TASK TO COMPLETE
Starting at the first line of the entries, extract each line up to and including the one that contains "José Ángel Iribar", but leave out the pictures.

(Stored items from a collection)
=-=-=

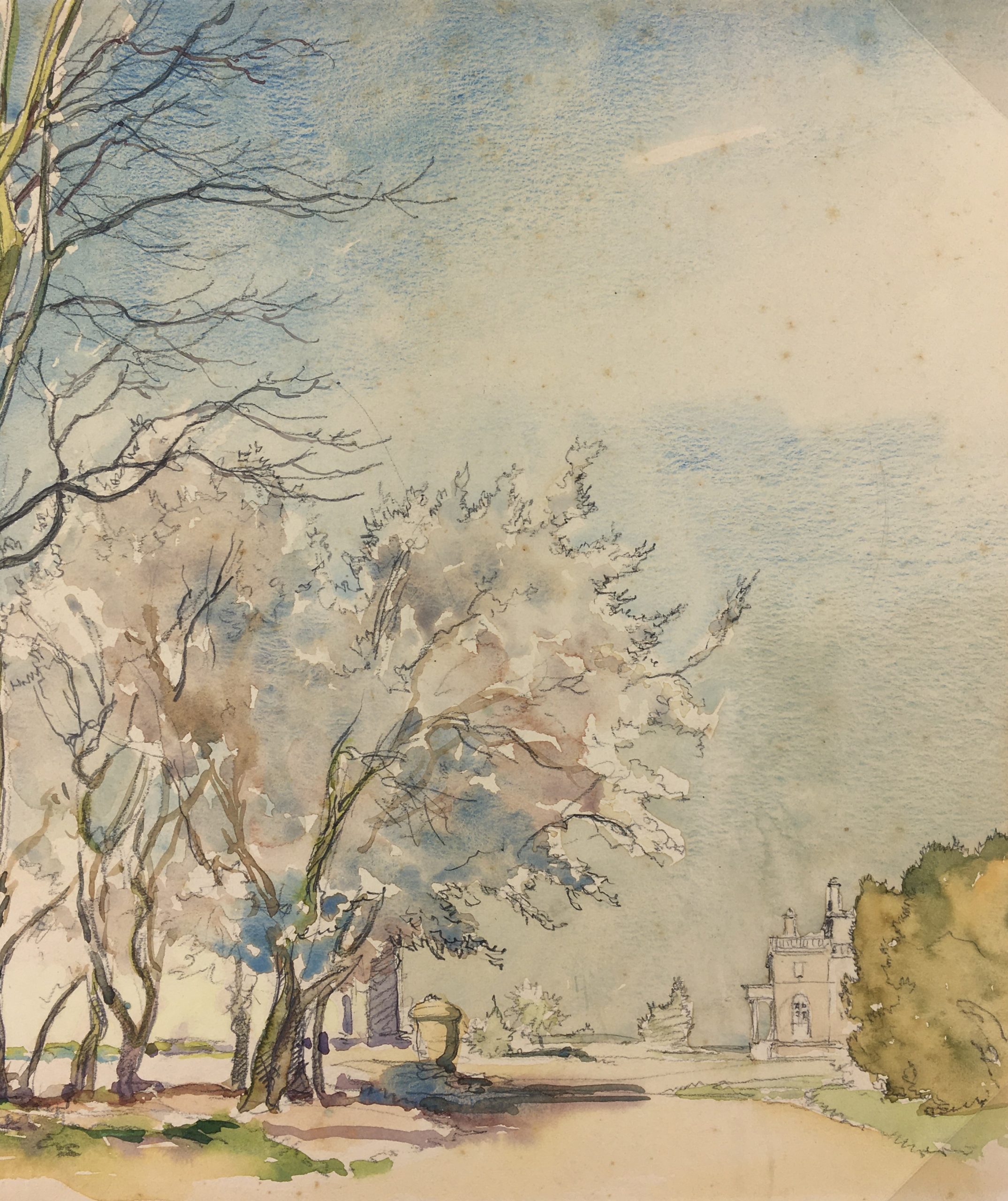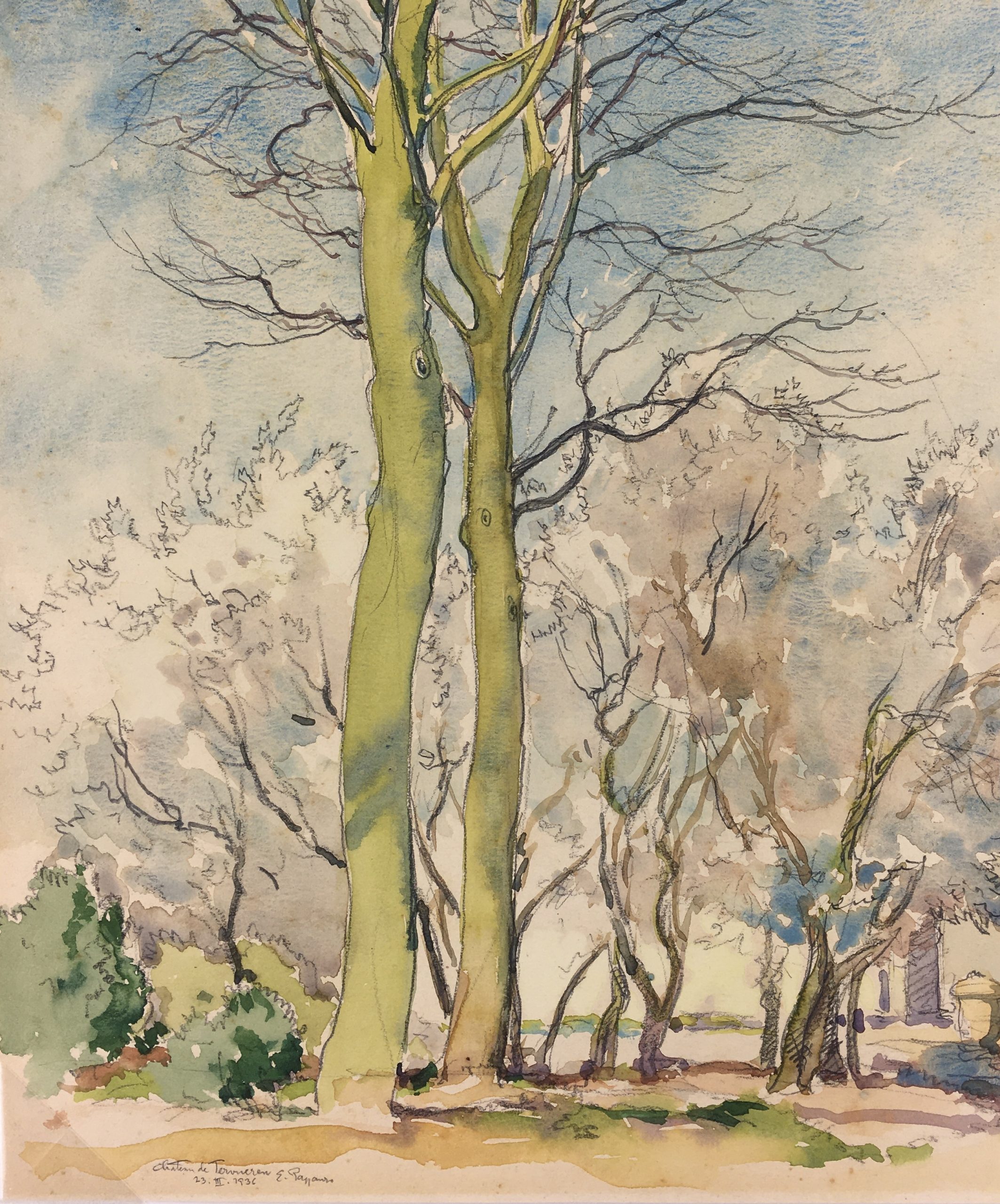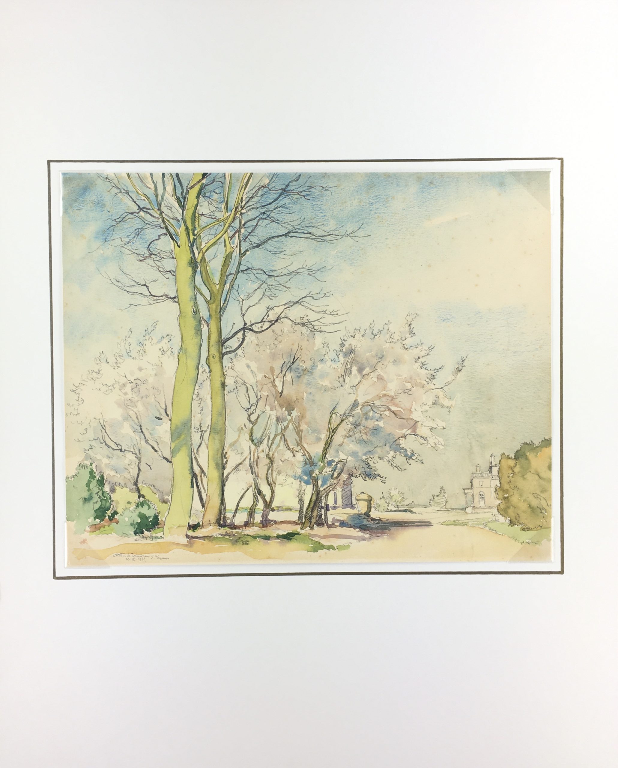 Original Art on paper displayed on a white mat with a gold border. Mat fits a standard-size frame. Archival plastic sleeve and Certificate of Authenticity included. Original Art, 12.5″W x 10″H; mat, 16″W x 20″H.
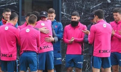 José Ángel Iribar y Raúl García, dos leyendas del Athletic Club, se abrazan en un emotivo adiós de uno de los...
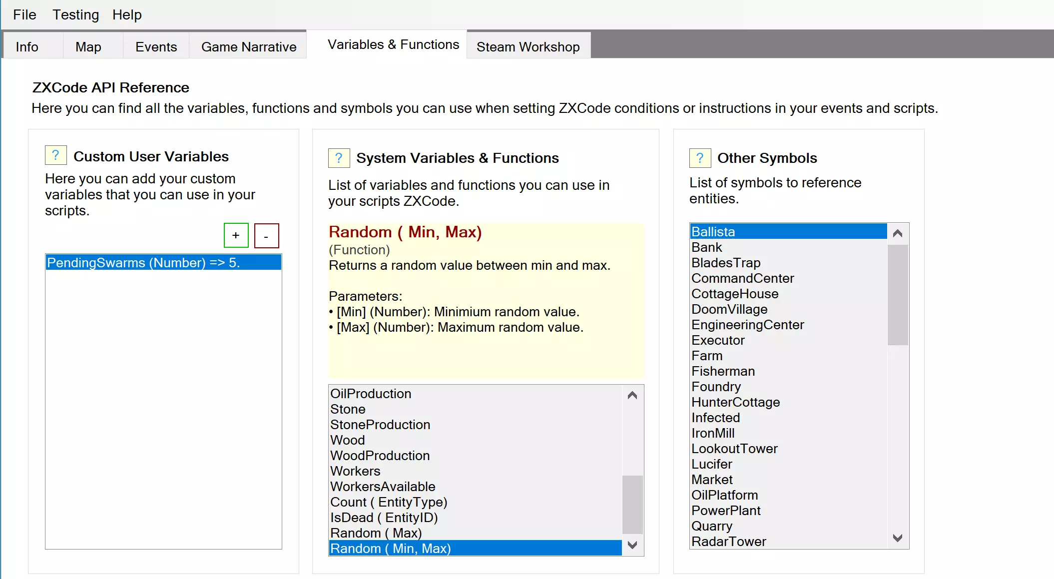 С языком ZXCode вы можете добавить гораздо больше функциональности в сценарии и события. Вы задаете сложные условия для запуска действий или событий, а также управляете своими собственными игровыми переменными. Все действия теперь имеют два новых параметра: Условие и Код выполнения. События также имеют параметр Condition. С этими новыми элементами вы можете реализовать гораздо более сложные игровые механизмы для ваших уровней. Примеры: Дерево политической системы, управление счастьем колонистов, выбором и последствиями решений игрока, управление торговлей с иностранными колониями, индивидуальные цели, чтобы выиграть или проиграть игру ... Чтобы достичь этого, мы создали простой язык с синтаксисом, похожим на c #, c или c ++. Пример: MyVariable = Колонисты + Рабочие (Colonists + Workers) * 10; (Count(Unit) >= 100 && Count(Wonder)>=3) || IsDead(Bob) В коде вы можете ссылаться на любую игровую переменную или функцию и свои собственные переменные. Список игровых переменных и функцийНа странице перечислены все переменные и функции. Выберите один, чтобы увидеть помощь выбранного элемента. Также у вас есть список символов для сущностей, так как необходимы некоторые функции. Например, для функции Count (Entity) необходимо передать тип объекта, выбрав один из доступных в списке символов. Пример: «Count (Ranger)» возвращает количество живых рейнджеров в игре. Примечание: список переменных и функций будет расширяться с будущими обновлениями, время от времени проверяйте список, чтобы увидеть изменения. Задание условий для запуска действий или событийСобытия и действия теперь имеют новый параметр с именем Condition (ZXCode), где вы можете написать пользовательское условие, используя ZXCode. Если условие действия ложно, то действие и его дочерние элементы не будут выполнены. Для условий вы можете ссылаться на любую функцию, число, пользовательскую переменную или игровой символ и использовать любую комбинацию с операторами и круглыми скобками. Операторы доступны:==Comparator Equal: "Days == 100". Only true if the current day is 100. Истинно, только если текущий день равен 100. !=Comparator Not Equal: "Days != 100". True for all days except 100. Компаратор не равен "дни !=100". Правда для всех дней, кроме 100. >Comparator Greater than: "Days > 100". True for days 101, 102... Дни> 100. Правда для дней 101, 102... >=Comparator Greater than: "Days >= 100". True for days 100,101,102... Правда для дней 100,101,102 .. <Comparator Lesser than: "Days < 100". True for days 99, 98,... Компаратор Меньше чем: «Дни <100». Правда на дни 99, 98, ... <=Comparator Lesser or equalthan: "Days <= 100". True for days 100, 99, 98... Компаратор Малый или Эквивалентен: «Дни <= 100». Правда для дней 100, 99, 98 ... &Logical And: "Days>=100 & Days<=103". True for days: 100, 101, 102,and 103. Верно для дней: 100, 101, 102 и 103. |Logical Or: "Days<=5 | Days ==100". True for days: 0,1,2,3,4,5 and 100. Правда для дней: 0,1,2,3,4,5 и 100. !Logical Not: "!IsDead(Bob)". True if Bob is not dead. Верно, если Боб не мертв. +, -, *, / Arithmetic operators : "Gold > (Workers * 2 +10)". True if the gold reserves are greater than the number of workers multiplied by 2 plus 10. Арифметические операторы: «Золото> (Рабочие * 2 + 10)». Истинно, если золотые запасы превышают количество рабочих, умноженное на 2 плюс 10.ПримерВыиграйте игру, когда в колонии 10000 человек: просто создайте событие, проверьте параметр Game Won и установите условие: Colonists >= 10000Дайте бонус игроку, когда в его армии 100 солдат и 100 снайперов: (Count(Soldier) >= 100) & (Count(Sniper) >= 100)Проиграйте игру если солдат герой с NameD = "Боб" мертв: IsDead(Bob)Выиграйте игру, когда все Doom Buildings будут разрушены: Count(DoomBuilding) == 0Торговец продает Титан в колонию за 1000 золота и 50 единиц железа, но только если у вас есть ресурсы: Gold >= 1000 & Irons >= 50О
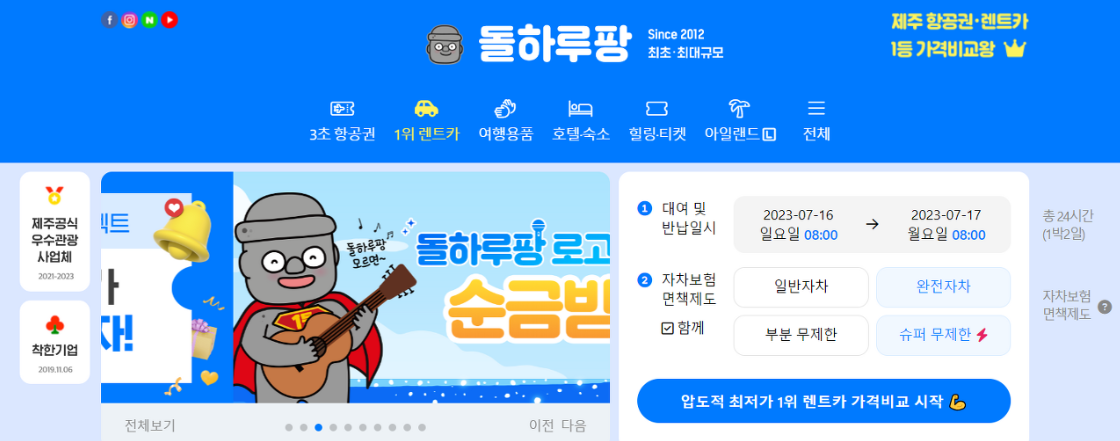 홈페이지를 방문하면 1일 1만 원대부터 저렴한 가격으로 렌트카를 대여할 수 있다는 것을 확인할 수 있습니다. 돌하루팡은 450만 명 이상의 이용객을 보유한 최저가 비교 사이트입니다. 또한, 85개 이상의 업체와 제휴하여 18,000여 대 이상의 차량을 보유하고 있으며, 2021~2023 우수 관광 사업체로 지정되었습니다.
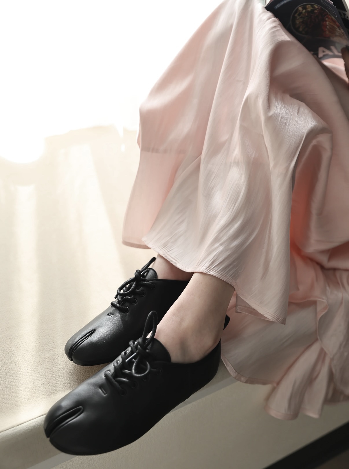 兼具极简与先锋感,能搭极简风西装、复古牛仔裤、小众设计感连衣裙,适配先锋、慵懒、轻熟等多种风格,平底鞋型,脚感舒适,鞋型贴合脚型,日常通勤或休闲场合都能穿。
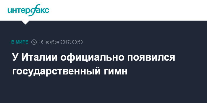 Москва. 16 ноября. INTERFAX.RU - После 60-летнего перерыва Италия вновь обрела официальный государственный гимн, сообщает в среду информагентство ANSA.
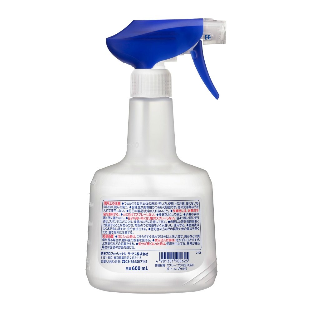 | 注意事項 | 使用上の注意 ●つめかえる製品本体の表示(使い方、使用上の注意、使えないもの)をよく読んで使う。 ●設備洗浄剤専用のつめかえ容器です。他の洗浄剤などを入れて使用しない。 ●人に向けてスプレーしない。 ●作業時には炊事用手袋を着用する。 ●目より高い所には、絶対スプレーしない。 ●目より高い所に使う時は、スポンジなどにつけ、液垂れなどに注意してふく。 ●希釈した液を長時間おくと変質することがあるので、希釈のつど容器をよく水洗いし、使用する。 ●使用後はよく水で洗い流すか、充分水ぶきをする。 【使用方法用途など】本品は空容器です。 以下の製品を入れてお使いください。 【ご使用の除菌洗浄剤例】 ・ ガラスマジックリン ・ マイペット ・ かんたんマイペット ・ トイレマジックリン消臭洗浄スプレー ・ バスマジックリン ・ バスマジックリン除菌消臭プラス ・ ホテルバスマジックリン 【希釈方法】 ・希釈する場合は、使用する希釈倍率の目盛線まで洗浄剤を入れる。 ・ぬるま湯または水を600mLの目盛線まで入れる。 ・キャップをしっかり閉め、よく振って混ぜる。 【ノズルの使い方】 【使用上の注意】使用上の注意 ●つめかえる製品本体の表示(使い方、使用上の注意、使えないもの)をよく読んで使う。 ●設備洗浄剤専用のつめかえ容器です。他の洗浄剤などを入れて使用しない。 ●人に向けてスプレーしない。 ●作業時には炊事用手袋を着用する。 ●目より高い所には、絶対スプレーしない。 ●目より高い所に使う時は、スポンジなどにつけ、液垂れなどに注意してふく。 ●希釈した液を長時間おくと変質することがあるので、希釈のつど容器をよく水洗いし、使用する。 ●使用後はよく水で洗い流すか、充分水ぶきをする。 |

=-=-=

THE ANSWER
 Original Art on paper displayed on a white mat with a gold border. Mat fits a standard-size frame. Archival plastic sleeve and Certificate of Authenticity included. Original Art, 12.5″W x 10″H; mat, 16″W x 20″H.
 José Ángel Iribar y Raúl García, dos leyendas del Athletic Club, se abrazan en un emotivo adiós de uno de los...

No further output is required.